[RECORDS TO USE — start]

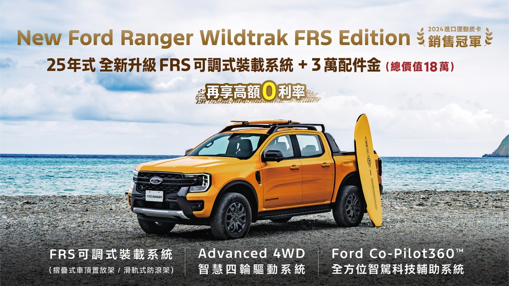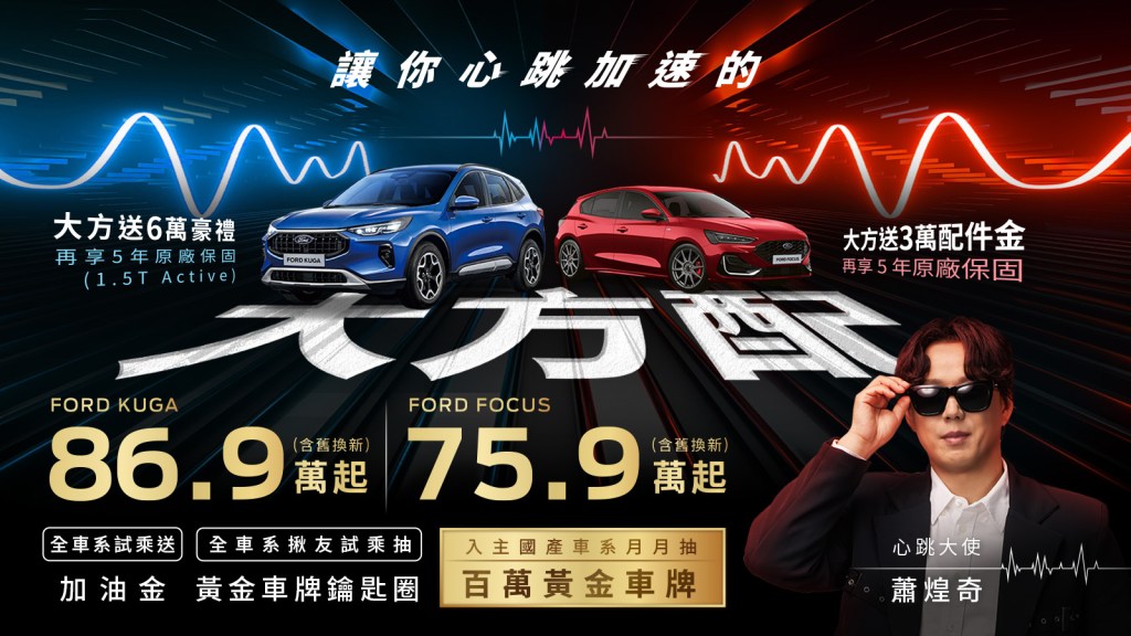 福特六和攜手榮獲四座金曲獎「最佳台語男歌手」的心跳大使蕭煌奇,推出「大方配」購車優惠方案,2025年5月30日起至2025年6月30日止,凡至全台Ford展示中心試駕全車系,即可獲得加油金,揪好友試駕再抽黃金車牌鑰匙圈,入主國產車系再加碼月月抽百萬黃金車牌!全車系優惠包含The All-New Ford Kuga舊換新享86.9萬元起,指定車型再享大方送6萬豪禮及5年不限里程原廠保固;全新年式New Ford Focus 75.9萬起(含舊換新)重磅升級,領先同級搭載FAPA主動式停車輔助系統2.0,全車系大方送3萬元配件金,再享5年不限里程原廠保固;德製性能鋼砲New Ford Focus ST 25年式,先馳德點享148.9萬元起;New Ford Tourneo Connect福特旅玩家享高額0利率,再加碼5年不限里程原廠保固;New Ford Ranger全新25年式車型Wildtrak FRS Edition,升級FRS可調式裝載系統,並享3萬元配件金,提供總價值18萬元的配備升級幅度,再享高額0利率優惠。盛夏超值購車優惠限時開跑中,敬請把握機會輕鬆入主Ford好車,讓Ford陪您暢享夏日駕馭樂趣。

[RECORDS TO USE — finish]
[RECORDS TO USE — start]

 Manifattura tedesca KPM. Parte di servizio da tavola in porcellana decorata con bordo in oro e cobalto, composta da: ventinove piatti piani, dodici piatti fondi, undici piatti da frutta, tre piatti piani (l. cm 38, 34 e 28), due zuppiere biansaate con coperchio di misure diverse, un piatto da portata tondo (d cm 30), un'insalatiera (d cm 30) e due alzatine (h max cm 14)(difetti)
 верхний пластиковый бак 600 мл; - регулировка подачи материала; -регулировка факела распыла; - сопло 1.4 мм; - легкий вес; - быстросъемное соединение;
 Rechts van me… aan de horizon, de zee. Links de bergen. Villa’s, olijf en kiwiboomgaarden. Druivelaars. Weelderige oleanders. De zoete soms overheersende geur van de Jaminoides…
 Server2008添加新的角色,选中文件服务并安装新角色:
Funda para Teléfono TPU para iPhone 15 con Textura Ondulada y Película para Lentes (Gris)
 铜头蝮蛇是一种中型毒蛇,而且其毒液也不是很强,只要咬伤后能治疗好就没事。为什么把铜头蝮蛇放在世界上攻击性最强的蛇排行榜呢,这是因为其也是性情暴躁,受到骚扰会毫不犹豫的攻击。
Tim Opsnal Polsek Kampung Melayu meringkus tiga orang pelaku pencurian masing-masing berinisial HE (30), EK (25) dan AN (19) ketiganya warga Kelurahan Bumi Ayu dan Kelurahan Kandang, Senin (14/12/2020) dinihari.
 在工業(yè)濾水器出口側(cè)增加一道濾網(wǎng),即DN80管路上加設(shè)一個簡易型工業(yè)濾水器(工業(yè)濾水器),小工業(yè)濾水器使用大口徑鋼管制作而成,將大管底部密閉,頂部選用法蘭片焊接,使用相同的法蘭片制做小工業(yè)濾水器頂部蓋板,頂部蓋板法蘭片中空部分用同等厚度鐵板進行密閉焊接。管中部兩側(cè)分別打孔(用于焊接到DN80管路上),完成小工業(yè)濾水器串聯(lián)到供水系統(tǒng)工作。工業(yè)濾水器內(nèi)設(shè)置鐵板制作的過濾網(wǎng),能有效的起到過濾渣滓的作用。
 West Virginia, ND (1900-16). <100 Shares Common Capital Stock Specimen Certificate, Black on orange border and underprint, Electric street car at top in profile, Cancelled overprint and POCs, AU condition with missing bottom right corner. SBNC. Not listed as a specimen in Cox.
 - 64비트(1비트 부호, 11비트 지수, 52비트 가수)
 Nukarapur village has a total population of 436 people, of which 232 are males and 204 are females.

[RECORDS TO USE — finish]
[RECORDS TO USE — start]

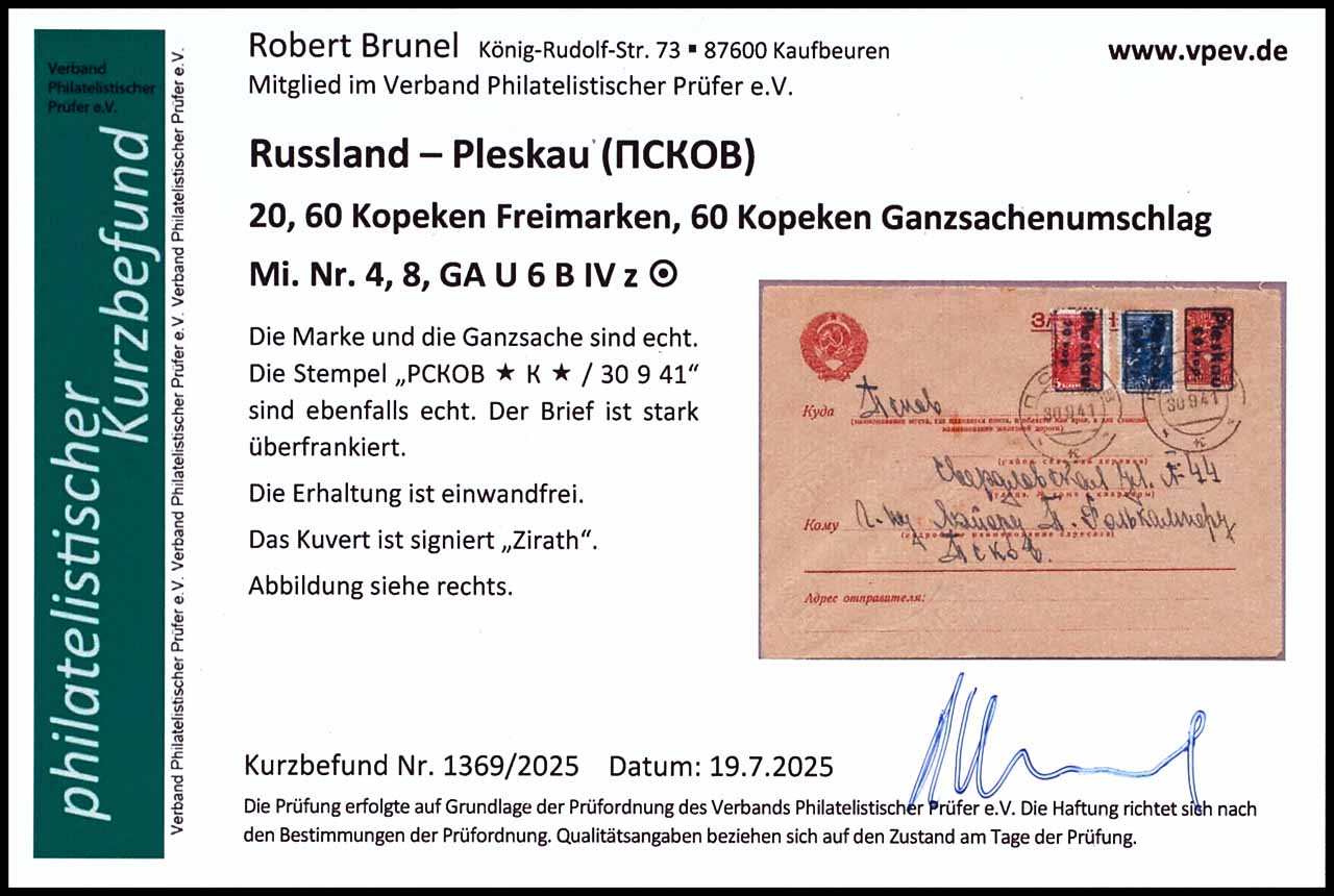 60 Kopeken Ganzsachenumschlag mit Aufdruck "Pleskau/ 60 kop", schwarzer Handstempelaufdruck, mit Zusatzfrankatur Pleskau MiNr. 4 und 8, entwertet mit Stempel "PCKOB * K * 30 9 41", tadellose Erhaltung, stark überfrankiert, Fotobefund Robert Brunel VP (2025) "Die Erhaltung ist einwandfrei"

[RECORDS TO USE — finish]

### PROMPT
Every line above from the line with "Manifattura tedesca KPM." to the line with "Tim Opsnal Polsek", inclusive, must be returned exactly; no other line belongs in the reply.

### RESPONSE TO THE EXERCISE
 Manifattura tedesca KPM. Parte di servizio da tavola in porcellana decorata con bordo in oro e cobalto, composta da: ventinove piatti piani, dodici piatti fondi, undici piatti da frutta, tre piatti piani (l. cm 38, 34 e 28), due zuppiere biansaate con coperchio di misure diverse, un piatto da portata tondo (d cm 30), un'insalatiera (d cm 30) e due alzatine (h max cm 14)(difetti)
 верхний пластиковый бак 600 мл; - регулировка подачи материала; -регулировка факела распыла; - сопло 1.4 мм; - легкий вес; - быстросъемное соединение;
 Rechts van me… aan de horizon, de zee. Links de bergen. Villa’s, olijf en kiwiboomgaarden. Druivelaars. Weelderige oleanders. De zoete soms overheersende geur van de Jaminoides…
 Server2008添加新的角色,选中文件服务并安装新角色:
Funda para Teléfono TPU para iPhone 15 con Textura Ondulada y Película para Lentes (Gris)
 铜头蝮蛇是一种中型毒蛇,而且其毒液也不是很强,只要咬伤后能治疗好就没事。为什么把铜头蝮蛇放在世界上攻击性最强的蛇排行榜呢,这是因为其也是性情暴躁,受到骚扰会毫不犹豫的攻击。
Tim Opsnal Polsek Kampung Melayu meringkus tiga orang pelaku pencurian masing-masing berinisial HE (30), EK (25) dan AN (19) ketiganya warga Kelurahan Bumi Ayu dan Kelurahan Kandang, Senin (14/12/2020) dinihari.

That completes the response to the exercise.